Scalable and Green Multimodal Alignment: Advancing MoReS for Low-Carbon Visual Language Models

50000

Awarded Resources (in node hours)

Leonardo BOOSTER

System Partition

June 2025 - May 2026

Allocation Period

AI Technology: Natural Language Processing; Vision (image recognition, image generation, text recognition OCR, etc.).

This project aims to advance the frontier of efficient multimodal alignment through the continued development of Modality Linear Representation-Steering (MoReS)—a lightweight, scalable fine-tuning framework for visual instruction tuning in Multimodal Large Language Models (MLLMs).

MoReS has already demonstrated the ability to match state-of-the-art performance while using over 500× fewer trainable parameters than conventional methods, presenting a promising path toward eco-efficient, high-performing MLLMs.
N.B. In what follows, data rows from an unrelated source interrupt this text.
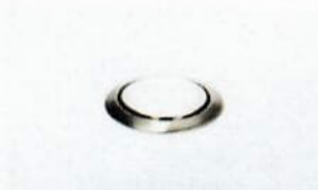
YSP02, Shield disk for analytical balances
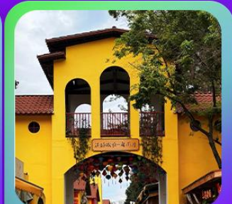
“หมาหยวนมิเตอร์เกจ”
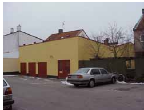
QVIRITES 23 från NV

fastighet: QVIRITES 24, hus A. adress: Hamngatan 11. ålder: Omkring 1860. Ombyggd 1913, 1937-38, 1944, 1950. arkitekt / byggm: Karl Eriksson (1938 och 1950). användning: Affärer, bostad. antal våningar: 2 + mansard åt gården. sockel: Ej synlig åt gatan. väggar: Röd marmor i bottenvåning, vit puts i ovanvåning. tak: Valmat, mansard mot gård. Grafitgrå plåt. detaljer: Stora skyltfönster i bottenvåningen. I ovanvåning bruna 4-lufts-fönster med spröjsad överdel. Glasade trädörrar. Elegant trappuppgång med grön marmor, innerdörr med facettslipade, metallinfattade glasrutor och överljus, svängd trappa och utsirat trapppräge. Hela övre våningens gatufasad är rikt utsmyckad med gesimser och gördelband, rusticeringar, frontoner, fönsteromfattningar med pilastrar, balusterdockor, kvinnohuvuden, musselornament. Vackra ritningar finns i arkivet (1913, Henrik Nilsson) på stor, elegant frontespis mot Hamngatan. Byggs tydligen ej.
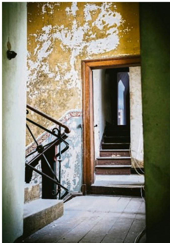
Typisch: Die Schmuckbänder ziehen sich durch Räume und auch Treppenhäuser von Schloss Rothstein.
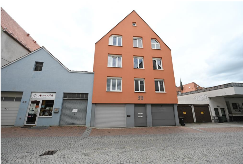
Wohnen in der Altstadt
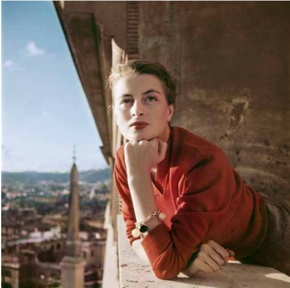
Le mannequin français Germaine Lefebvre, dite Capucine. Rome, 1951.

To scale this approach responsibly, the study proposes three research directions:

Non-linear and compositional representation steering to capture complex cross-modal semantics without increasing model size;
Cross-task and cross-model generalization, validating the robustness of MoReS across domains while minimizing redundant training cycles;
The development of GreenMLLM-Bench, a new suite of alignment diagnostics and token-level attribution tools to evaluate performance and energy efficiency jointly.

The research team's work is directly aligned with global efforts toward Green AI and sustainable computing.

Access to GPUs will allow us to perform controlled ablation studies, scaling experiments, and visual diagnostics under low-resource fine-tuning regimes, ultimately contributing to the design of low-carbon MLLMs for real-world deployment.